When using lists in a workflow (as in work4
above) the workflow becomes forked. For example when work4
was created two models where run leading to two output maps. We can easily trace back the origins of any module output using the attribute call_path
.
# work4 has two output maps, find the origins of the first
# using the Output accessor function and the call_path
# attribute
attr(Output(work4)[[1]], which = 'call_path')
## $occurrence
## [1] "UKAnophelesPlumbeus"
##
## $covariate
## [1] "UKAir"
##
## $process
## [1] "OneHundredBackground"
##
## $model
## [1] "LogisticRegression"
##
## $output
## [1] "PrintMap"
Here is an example of a larger analysis.
work6 <- workflow(occurrence = Chain(SpOcc(species = 'Eresus kollari',
extent = c(-10, 10, 45, 65)),
SpOcc(species = 'Eresus sandaliatus',
extent = c(-10, 10, 45, 65))),
covariate = UKAir,
process = BackgroundAndCrossvalid(k = 2),
model = list(LogisticRegression,
RandomForest),
output = Chain(PrintMap(plot = FALSE),
PerformanceMeasures)
)
## Loading required package: MASS
##
## Attaching package: 'MASS'
## The following objects are masked from 'package:raster':
##
## area, select
## Loading required package: spocc
## Occurrence data does not have a "crs" column, zoon will assume it is in the same projection as the covariate data
## There are fewer than 100 cells in the environmental raster.
## Using all available cells (81) instead
# Take a look at the structure of the workflow object
str(work6, 1)
## List of 9
## $ occurrence.output:List of 1
## $ covariate.output :List of 1
## $ process.output :List of 1
## $ model.output :List of 2
## $ report :List of 4
## $ call : chr "workflow(occurrence = Chain(SpOcc(species = \"Eresus kollari\", extent = c(-10, 10, 45, 65)), SpOcc(species = \"Eresus san"| __truncated__
## $ call.list :List of 5
## $ session.info :List of 7
## ..- attr(*, "class")= chr "sessionInfo"
## $ module.versions :List of 5
## - attr(*, "class")= chr "zoonWorkflow"

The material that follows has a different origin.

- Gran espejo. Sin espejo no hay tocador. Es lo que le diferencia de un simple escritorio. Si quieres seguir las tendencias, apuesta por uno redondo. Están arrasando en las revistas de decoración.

# Create some custom plots using the raster returned from
# the output module
par(mfrow = c(2,1), mar = c(3,4,6,4))
plot(Output(work6)[[1]],
main = paste('Logistic Regression: AUC = ',
round(Output(work6)[[2]]$auc, 2)),
xlim = c(-10, 10))
plot(Output(work6)[[3]],
main = paste('Random forest: AUC = ',
round(Output(work6)[[4]]$auc, 2)))
Here we are collecting occurrence data for two species, Eresus kollari and Eresus sandaliatus and combining them (having presumably decided that this is ecologically appropriate). We are using the air temperature data from NCEP again. We are sampling 100 pseudo absence points and running two fold crossvalidation.
We run logistic regression and random forest on the data separately. We then predict the model back over the extent of our environmental data and calculate some measures of how good the models are. Collating the output into one plot we can see the very different forms of the models and can see that the random forest has a higher AUC (implying it predicts the data better).